/pantip_scraper

pantip web scraper

Primary LanguagePython

pantip_scraper

Created by DarkDrag0nite

This is web scraper for pantip written in python2

How to use

Before anything: If you get any error, feel free to raise issue/bug or mail me. Usually it's not your fault. Pantip Web developers also change their code from time to time. I will try to update pantipScraper to match current pantip code.

To get a topic: python pantipScraper.py topic_id

Example: python pantipScraper.py 35000000

Start from: python pantipScraper.py -start topic_id

Example: python pantipScraper.py -start 35000000

End at: python pantipScraper.py -start topic_id -end topic_id

Example: python pantipScraper.py -start 35000000 -end 35001000

Without comment: -noComment

Example: python pantipScraper.py -noComment -start 35000000


Example of reading JSON is in readExample.py

Another example of reading JSON (plain text style):

PYTHONIOENCODING=UTF-8 python readExample2.py > result_of_readExample2

Features

The data will be store in pantip_storage as JSON.

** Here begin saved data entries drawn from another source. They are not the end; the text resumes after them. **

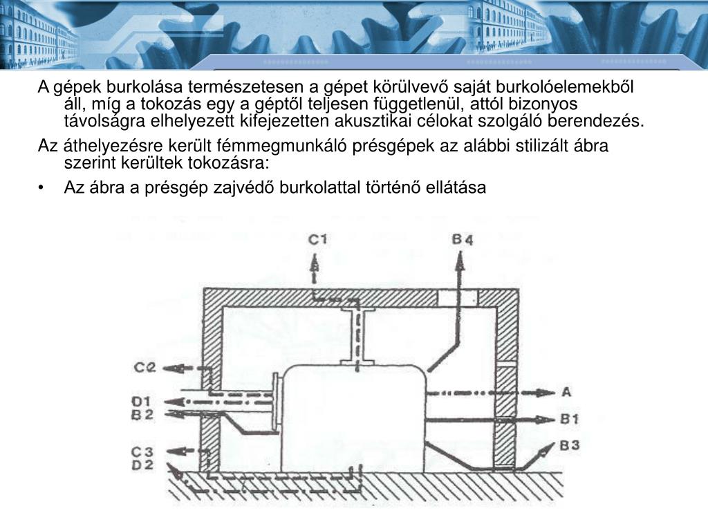 A gépek burkolása természetesen a gépet körülvevő saját burkolóelemekből áll, míg a tokozás egy a géptől teljesen függetlenül, attól bizonyos távolságra elhelyezett kifejezetten akusztikai célokat szolgáló berendezés. Az áthelyezésre került fémmegmunkáló présgépek az alábbi stilizált ábra szerint kerültek tokozásra: • Az ábra a présgép zajvédő burkolattal történő ellátása
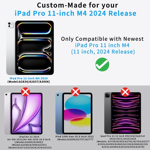 - 【متوافق مع اي باد برو 11 بوصة 2024】يتوافق جراب اي باد برو هذا فقط مع اي باد برو 11 بوصة 2024 M4 الجيل الخامس (الموديل: A2836/ A2837/ A3006). غير متوافق مع أي موديلات أخرى، يُرجى التحقق من الجزء السفلي الخلفي لجهاز اي باد لمعرفة رقم الموديل قبل الطلب.
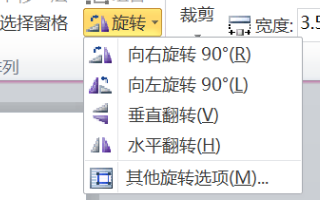 1.选中图片,在格式”选项卡中的“排列”区域选择“旋转”选项组,在弹出的下拉菜单中选择“其他旋转选项”命令。
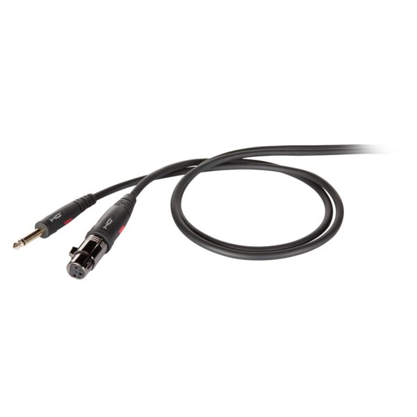 Cavo professionale sbilanciato con connessioni spina jack mono Ø 6.3 mm / presa volante XLR 3P. Lunghezza: 5 metri. Colore disponibile: Nero.
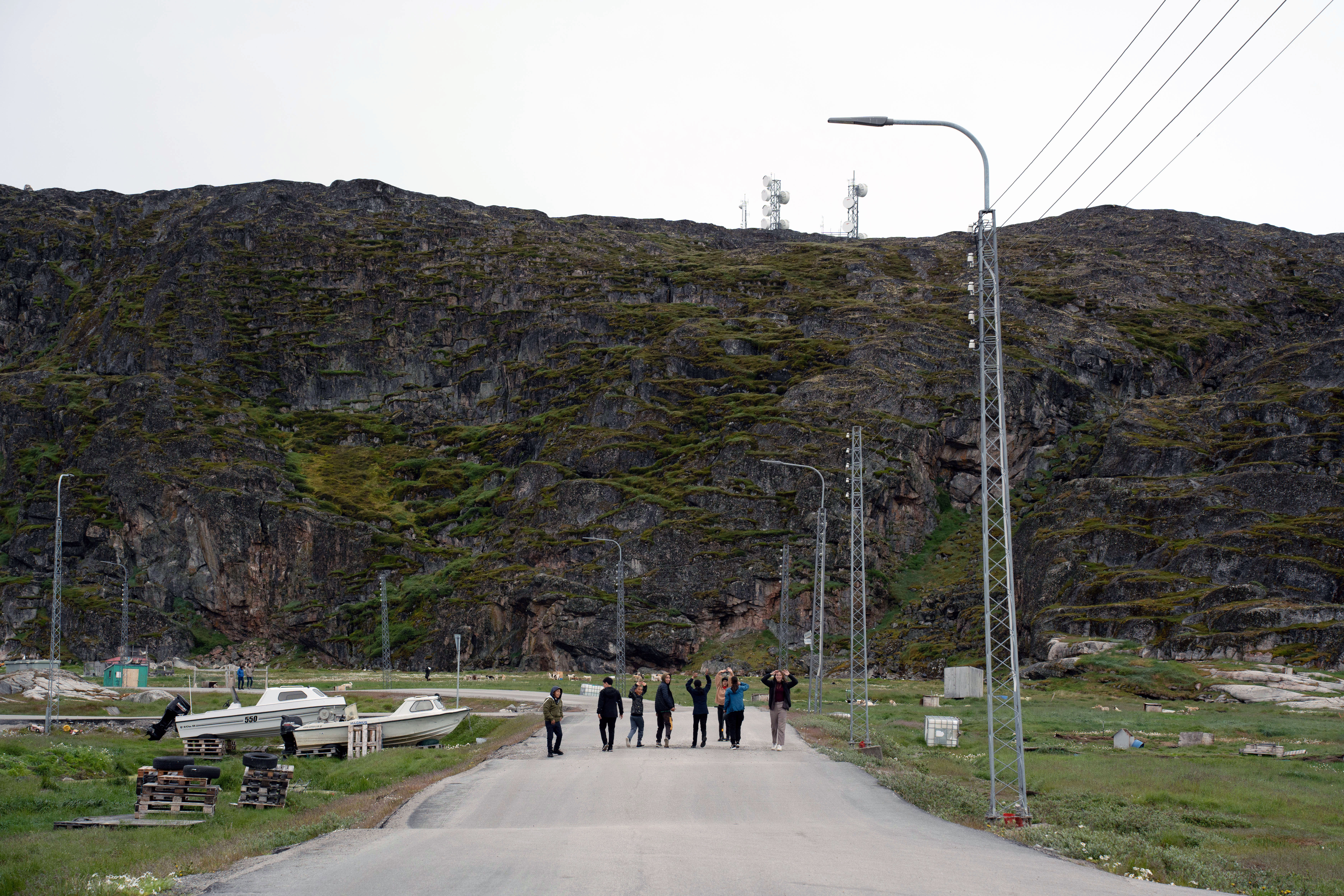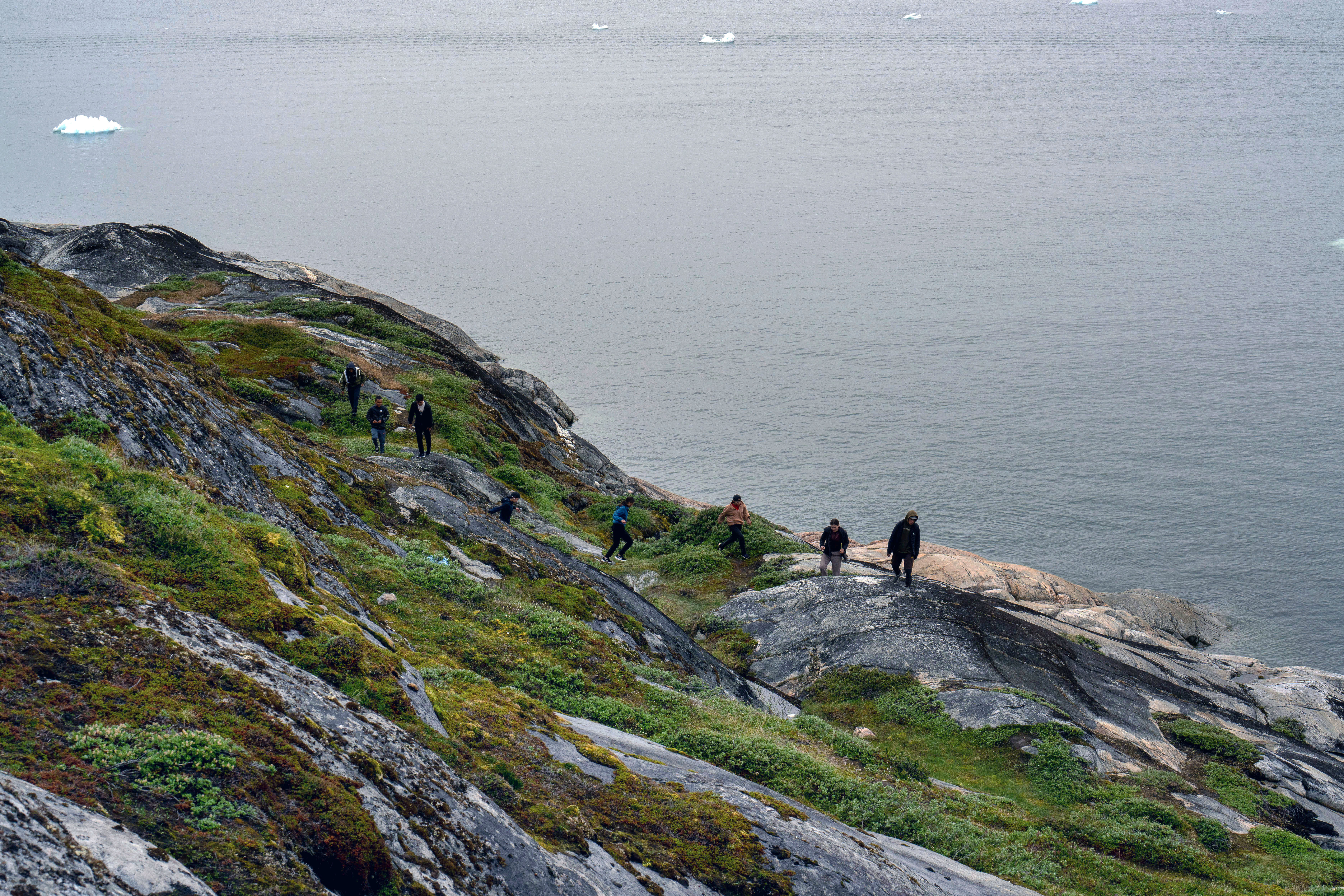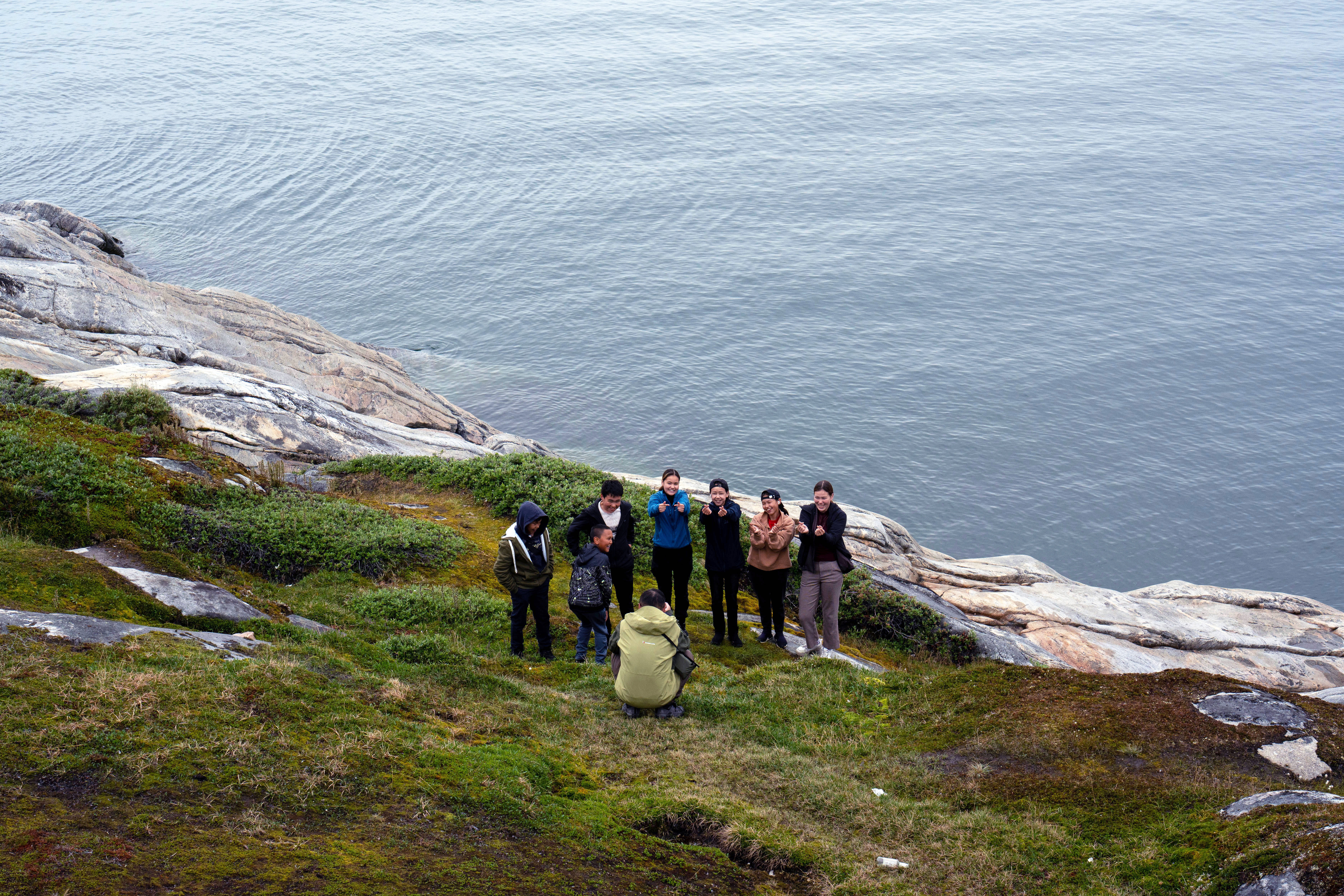 抵達格陵蘭航空臨時安排的民宿後,丟下行李,我們帶著相機步行到城鎮最邊緣的制高點,前幾天都沒有時間可以爬到這裡,是伊魯利薩特最有特色的Hiking路線,可以一覽鎮上的彩色小房子與海上浮冰的大全景。意外的好運氣,讓我們遇見了一群當地的青少年,在晚上八點天色還是一樣亮的永晝夜裡,他們快樂地在海邊山壁上自由穿梭,一邊唱歌、一邊打鬧玩耍。
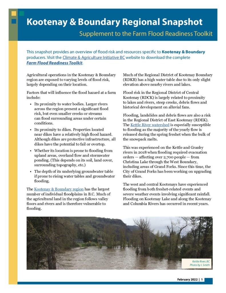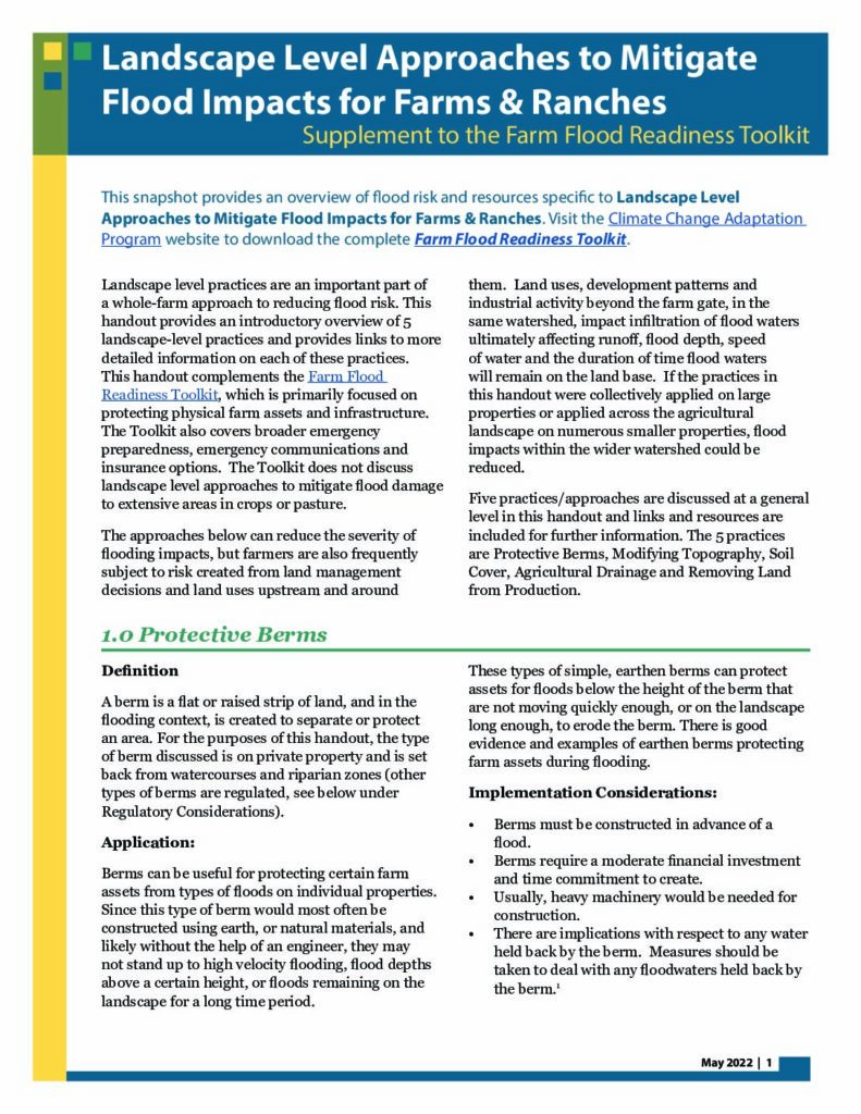 The toolkit includes eight fact sheets that provide information about topics ranging from determining flood risk level to protecting livestock. It also contains eight worksheets, as fillable PDFs, that can be used by producers to actively plan for specific operational needs.
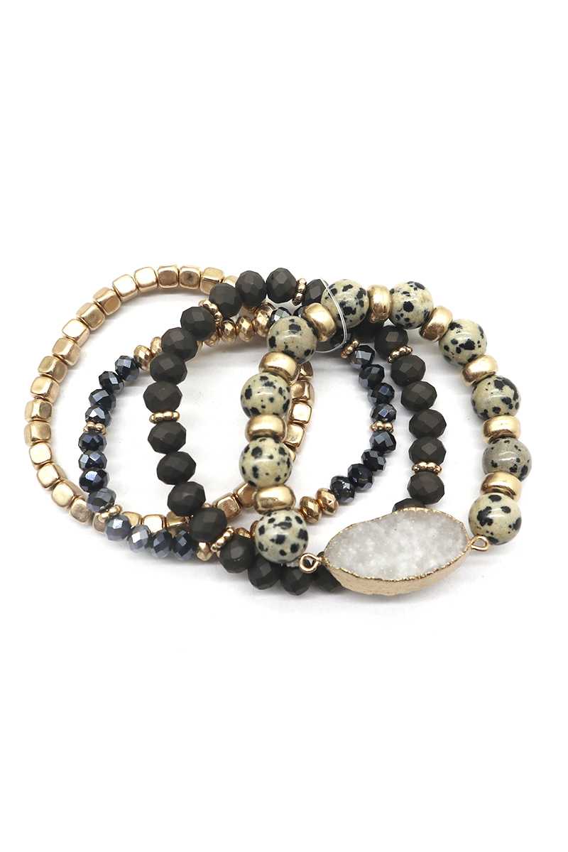 ImportedCRYSTAL METAL DRUZY STONE BEAD STRETCH BRACELET SETMulti.Black.Mint.NaturalFBJ
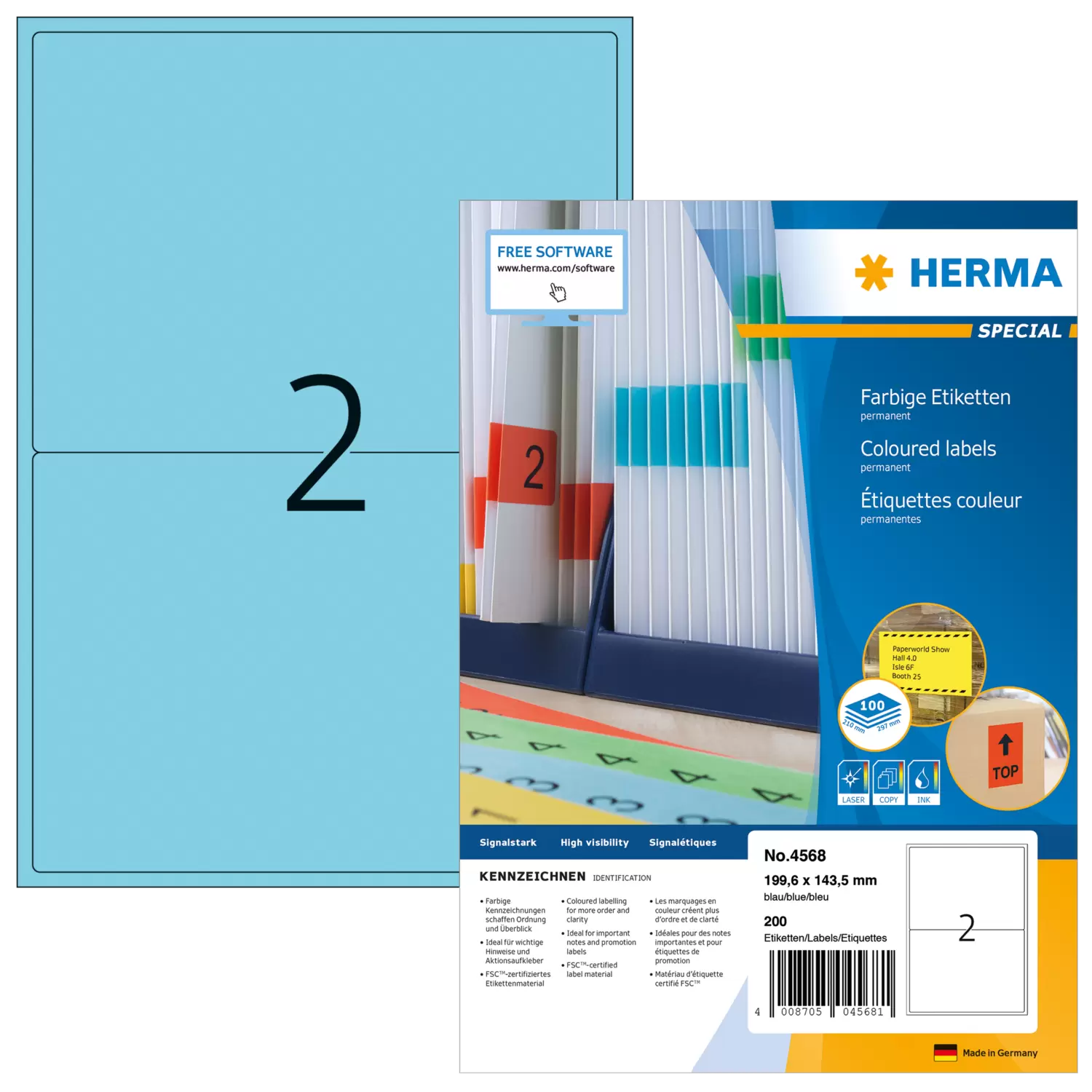 Gekleurde etiketten, A4, 199,6 x 143,5 mm, blauw, permanent hechtend
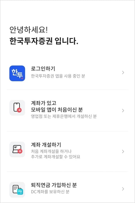 본인 휴대폰에서 한국투자증권 MTS 앱을 실행합니다.
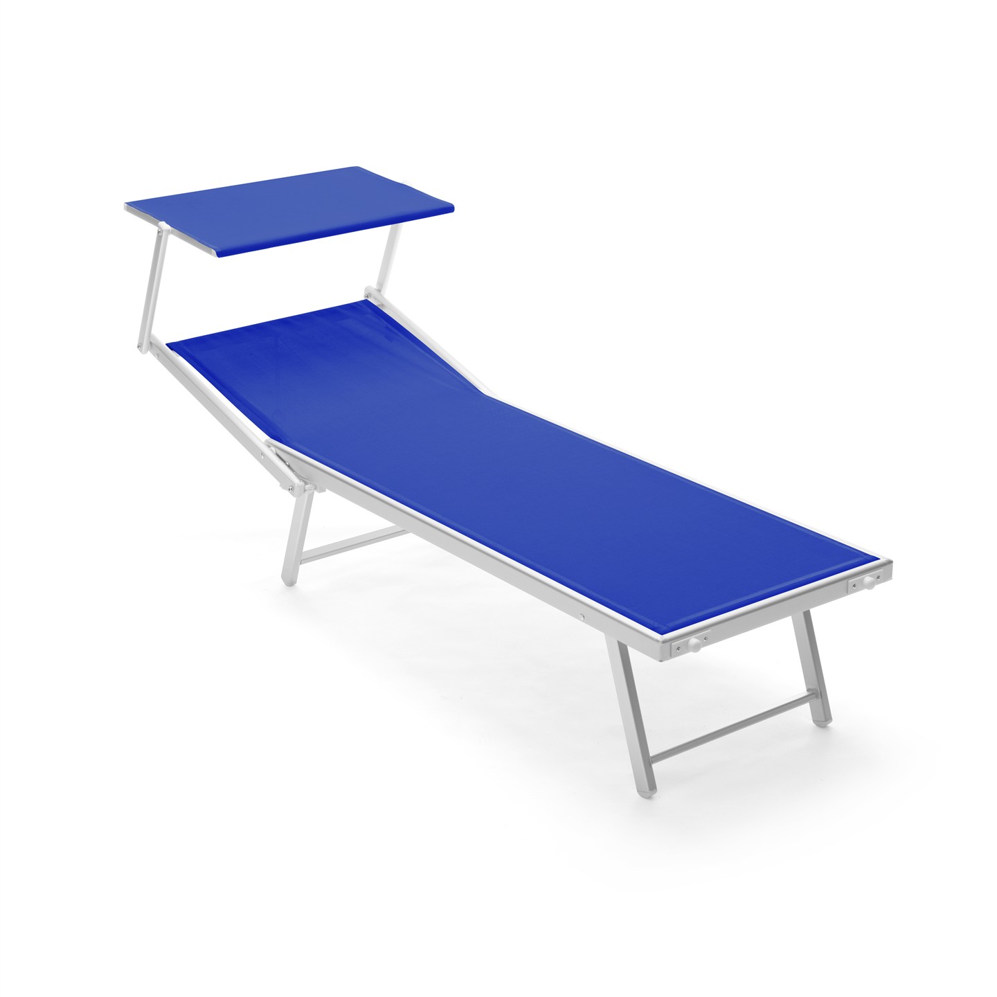 Beach lounger with 2 positions and canopy, cm 181X61X38, poles mm 43X42X1.1 / 40X23X1.2 structure in aluminum, beige textilene fabric 2X1, bolts and screws in stainless steel.

Right now it could extract

  • topic name
  • author
  • story
  • like Count
  • emotion Count
  • emotions (count of each types)
  • tags
  • comments count
  • comments

Extra Feature

  • Could Handel connection problem (test on OS X, not confirm on linux/windows)

Limitations

  • no image being extracts (I can't decide how to save image properly and how to link that image to topic)
  • no poll information and topic with poll might be extracted incorrectly
  • no reply to comment yet (sry, I'm working on it)

Json Structure

JSON structure is as following:

== Topic ==

  • tid (อันนี้หมายถึง topic id)
  • name (topic name)
  • author
  • author_id
  • story
  • likeCount
  • emoCount
  • emotions (as Emotion object)
  • tagList (as array of string)
  • dateTime
  • commentCount
  • comments (as array of Comment object)

== Comment ==

  • num
  • user_id
  • user_name
  • replyCount
  • replies (still working on it)
  • message
  • emotions (as Emotion object)
  • likeCount
  • dateTime

== Emotion ==

  • like
  • laugh
  • love
  • impress
  • scary
  • surprised

Credit, Feedback, Suggestion is appreciated.